++++ Data for analysis
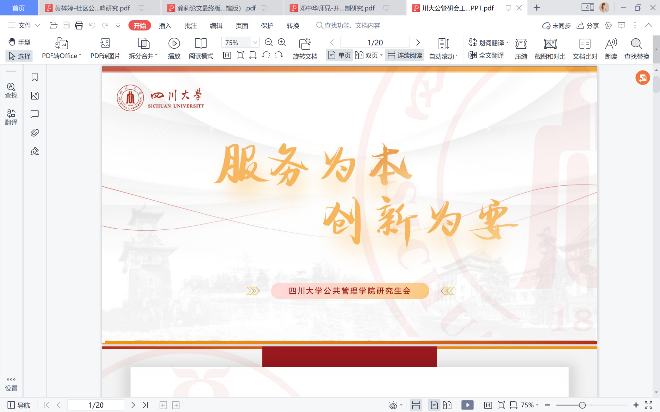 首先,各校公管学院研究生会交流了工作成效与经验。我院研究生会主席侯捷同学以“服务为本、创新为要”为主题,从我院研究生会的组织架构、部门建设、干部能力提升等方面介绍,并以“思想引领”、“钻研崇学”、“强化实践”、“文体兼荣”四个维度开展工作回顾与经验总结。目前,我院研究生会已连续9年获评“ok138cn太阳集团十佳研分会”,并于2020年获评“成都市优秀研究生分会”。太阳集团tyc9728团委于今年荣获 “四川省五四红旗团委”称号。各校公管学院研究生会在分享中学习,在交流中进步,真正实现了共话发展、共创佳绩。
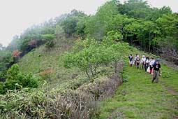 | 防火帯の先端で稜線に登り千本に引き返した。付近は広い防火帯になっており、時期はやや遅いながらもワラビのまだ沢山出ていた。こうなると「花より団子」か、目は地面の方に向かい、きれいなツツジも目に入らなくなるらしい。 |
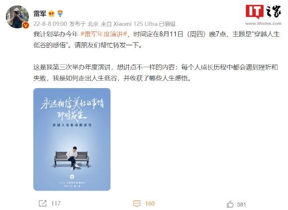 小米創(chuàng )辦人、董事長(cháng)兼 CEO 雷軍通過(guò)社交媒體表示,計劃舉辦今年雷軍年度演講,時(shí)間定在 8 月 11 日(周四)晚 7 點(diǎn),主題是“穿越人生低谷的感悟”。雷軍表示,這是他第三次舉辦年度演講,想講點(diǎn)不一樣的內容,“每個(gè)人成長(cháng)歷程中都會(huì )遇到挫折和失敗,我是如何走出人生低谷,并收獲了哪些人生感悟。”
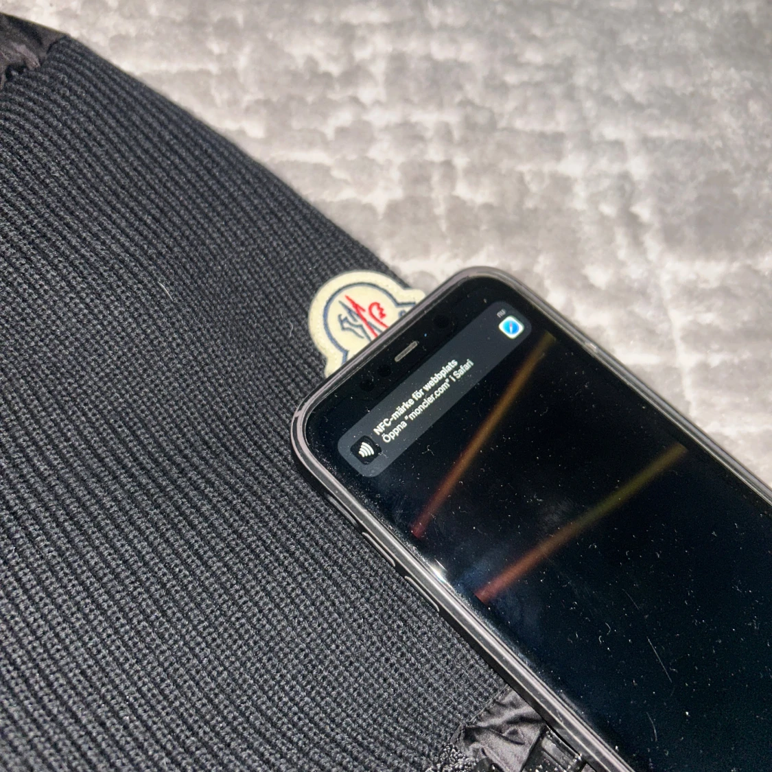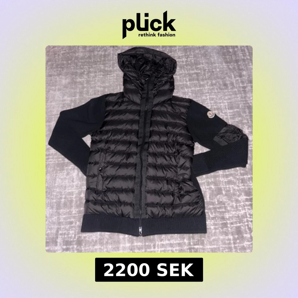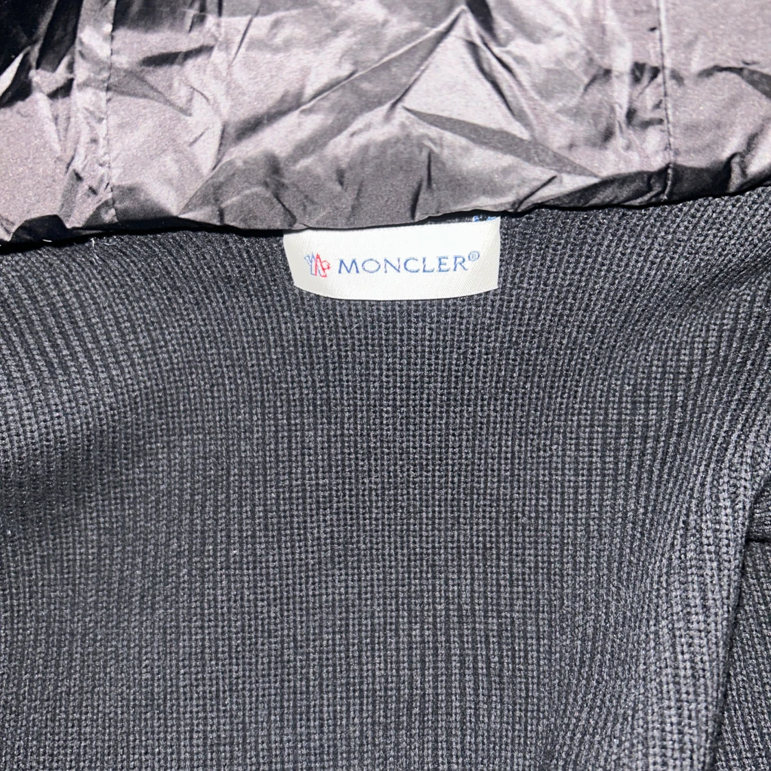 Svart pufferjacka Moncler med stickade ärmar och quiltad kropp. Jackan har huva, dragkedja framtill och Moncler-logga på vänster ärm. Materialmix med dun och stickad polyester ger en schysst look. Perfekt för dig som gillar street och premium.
++++++++
++++ Data for analysis
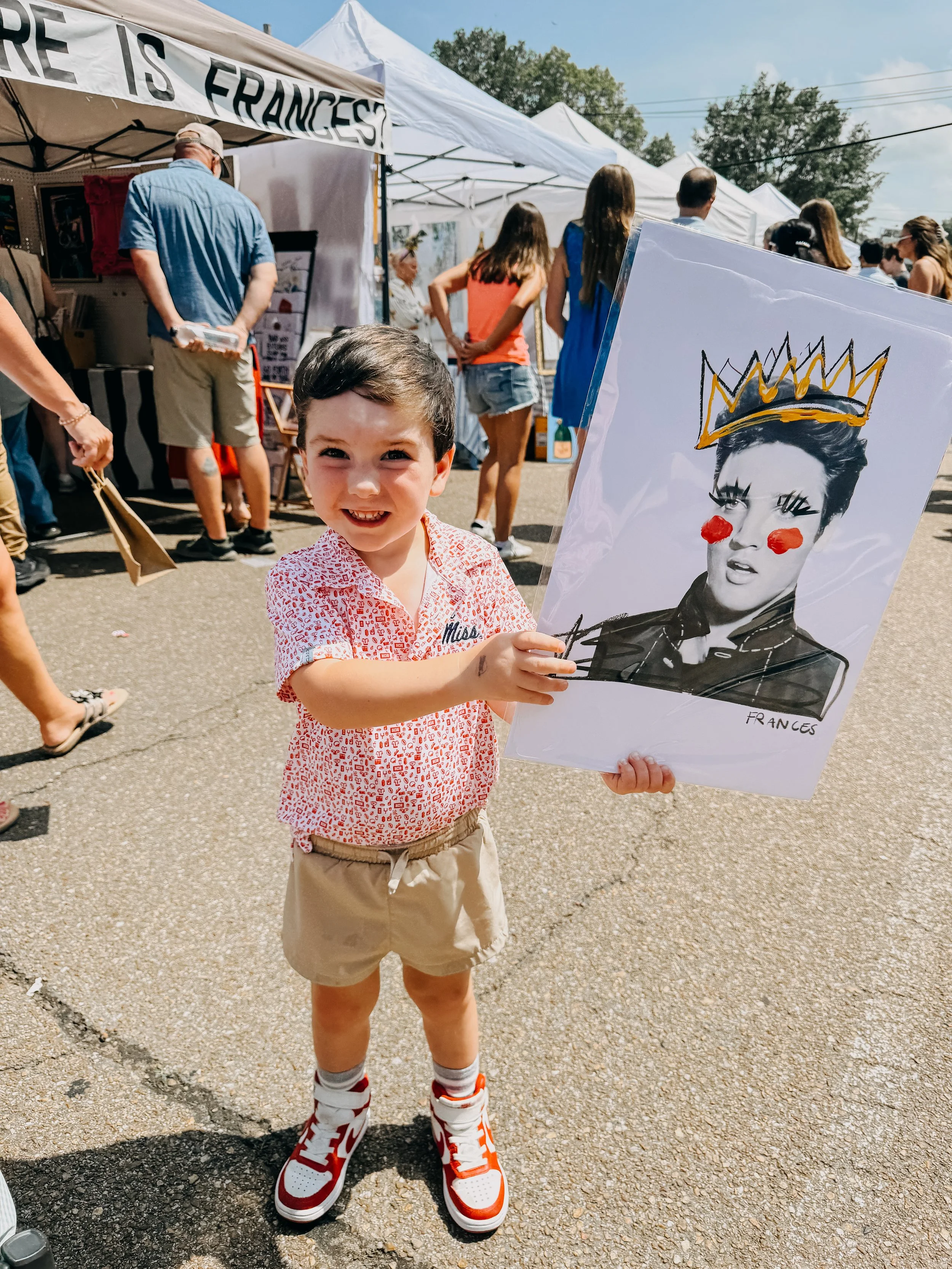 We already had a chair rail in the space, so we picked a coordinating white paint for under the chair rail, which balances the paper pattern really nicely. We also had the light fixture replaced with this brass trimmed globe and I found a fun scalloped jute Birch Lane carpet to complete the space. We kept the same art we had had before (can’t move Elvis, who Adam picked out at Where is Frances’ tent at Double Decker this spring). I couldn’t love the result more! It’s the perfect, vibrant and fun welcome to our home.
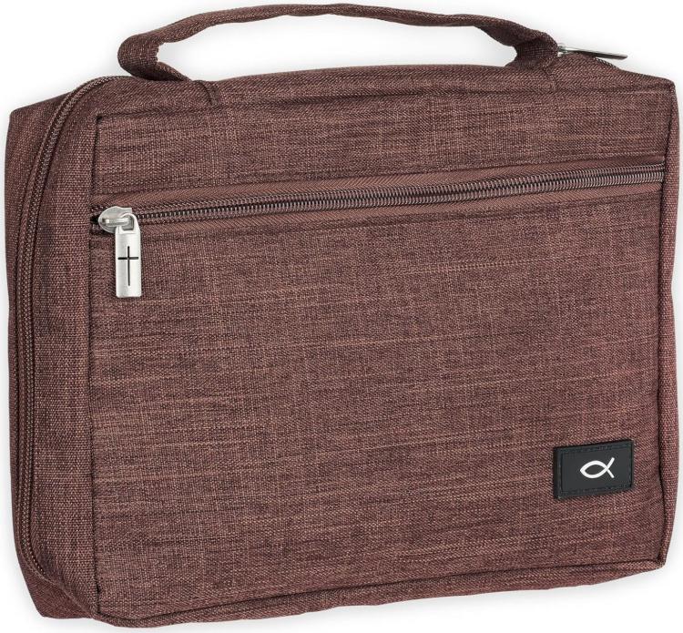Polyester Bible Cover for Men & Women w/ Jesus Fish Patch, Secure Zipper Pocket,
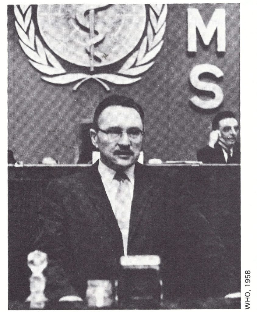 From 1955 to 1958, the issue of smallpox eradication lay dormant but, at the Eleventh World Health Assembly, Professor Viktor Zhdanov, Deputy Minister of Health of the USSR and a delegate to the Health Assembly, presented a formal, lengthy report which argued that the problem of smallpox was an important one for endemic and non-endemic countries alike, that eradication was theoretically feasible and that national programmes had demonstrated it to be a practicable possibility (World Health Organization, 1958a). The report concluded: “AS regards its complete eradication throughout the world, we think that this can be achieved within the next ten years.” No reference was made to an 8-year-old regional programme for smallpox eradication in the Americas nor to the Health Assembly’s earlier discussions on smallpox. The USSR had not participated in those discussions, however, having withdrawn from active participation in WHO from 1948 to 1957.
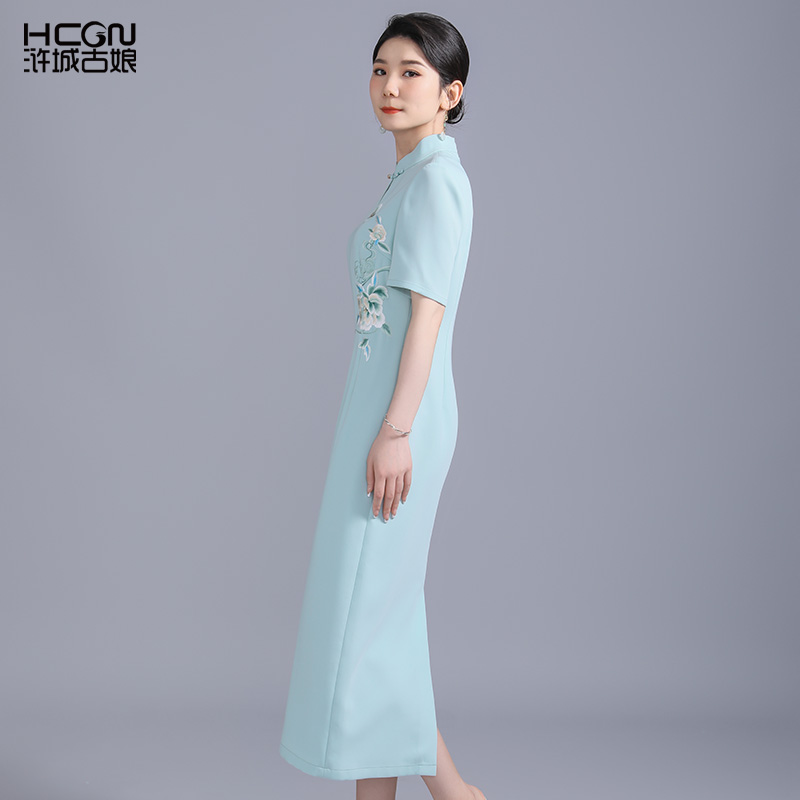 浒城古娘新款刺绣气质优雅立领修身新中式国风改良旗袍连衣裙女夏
++++++++
++++ Data for analysis
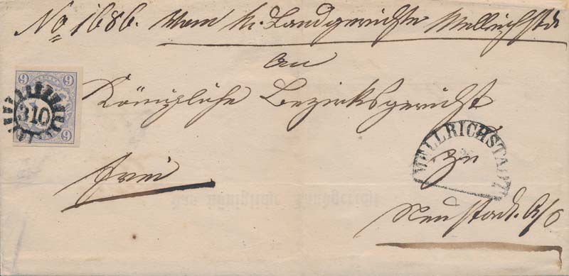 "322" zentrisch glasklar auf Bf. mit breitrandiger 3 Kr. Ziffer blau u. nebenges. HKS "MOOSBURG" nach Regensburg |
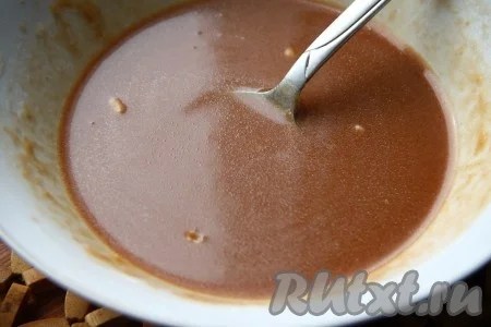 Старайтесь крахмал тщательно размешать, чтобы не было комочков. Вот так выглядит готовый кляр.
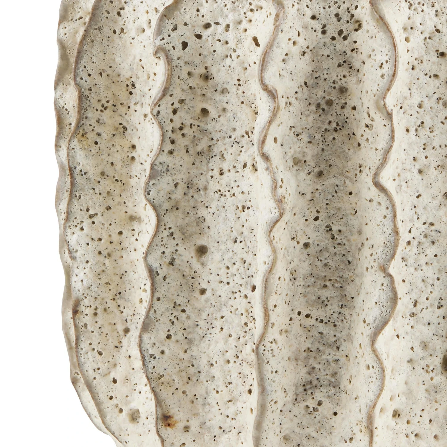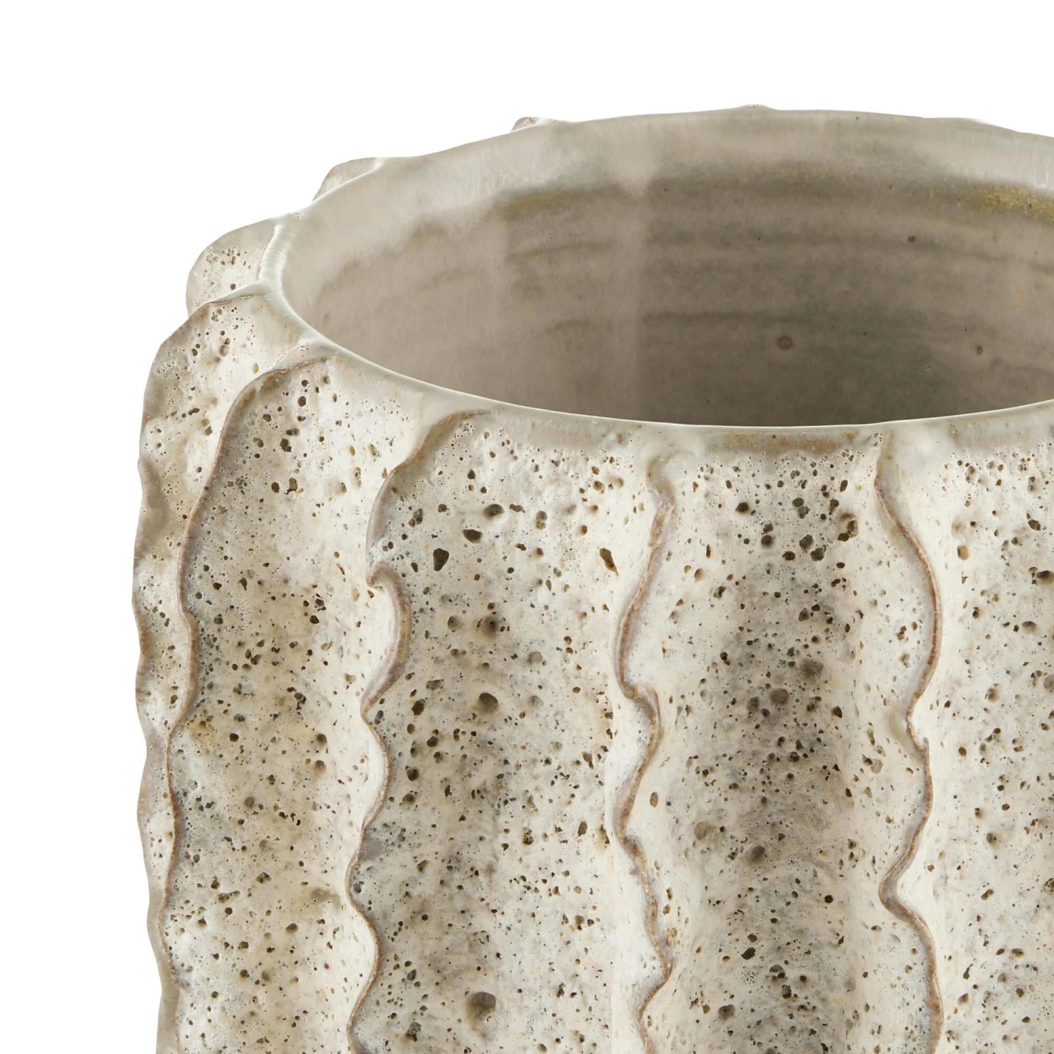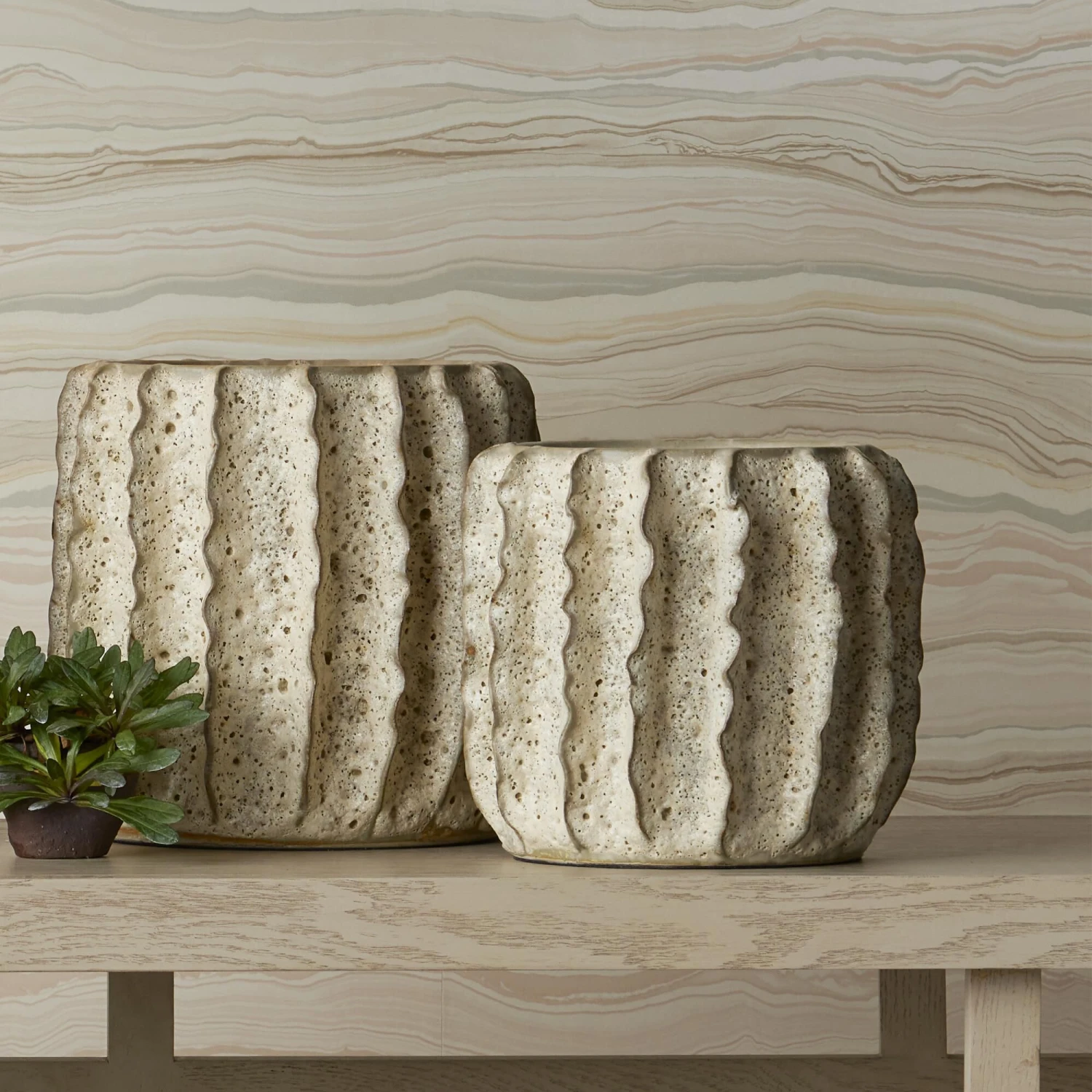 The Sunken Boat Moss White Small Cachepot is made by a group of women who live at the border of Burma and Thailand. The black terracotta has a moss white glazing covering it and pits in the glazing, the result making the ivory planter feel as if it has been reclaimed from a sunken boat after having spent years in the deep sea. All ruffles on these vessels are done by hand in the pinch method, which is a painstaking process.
++++++++
Instructions to follow: In the listing above, find the line with "nach Regensburg |" and the line with "The Sunken Boat". Copy both of them and every line between, exactly, but not the pictures.

Response:
 "322" zentrisch glasklar auf Bf. mit breitrandiger 3 Kr. Ziffer blau u. nebenges. HKS "MOOSBURG" nach Regensburg |
 Старайтесь крахмал тщательно размешать, чтобы не было комочков. Вот так выглядит готовый кляр.
 The Sunken Boat Moss White Small Cachepot is made by a group of women who live at the border of Burma and Thailand. The black terracotta has a moss white glazing covering it and pits in the glazing, the result making the ivory planter feel as if it has been reclaimed from a sunken boat after having spent years in the deep sea. All ruffles on these vessels are done by hand in the pinch method, which is a painstaking process.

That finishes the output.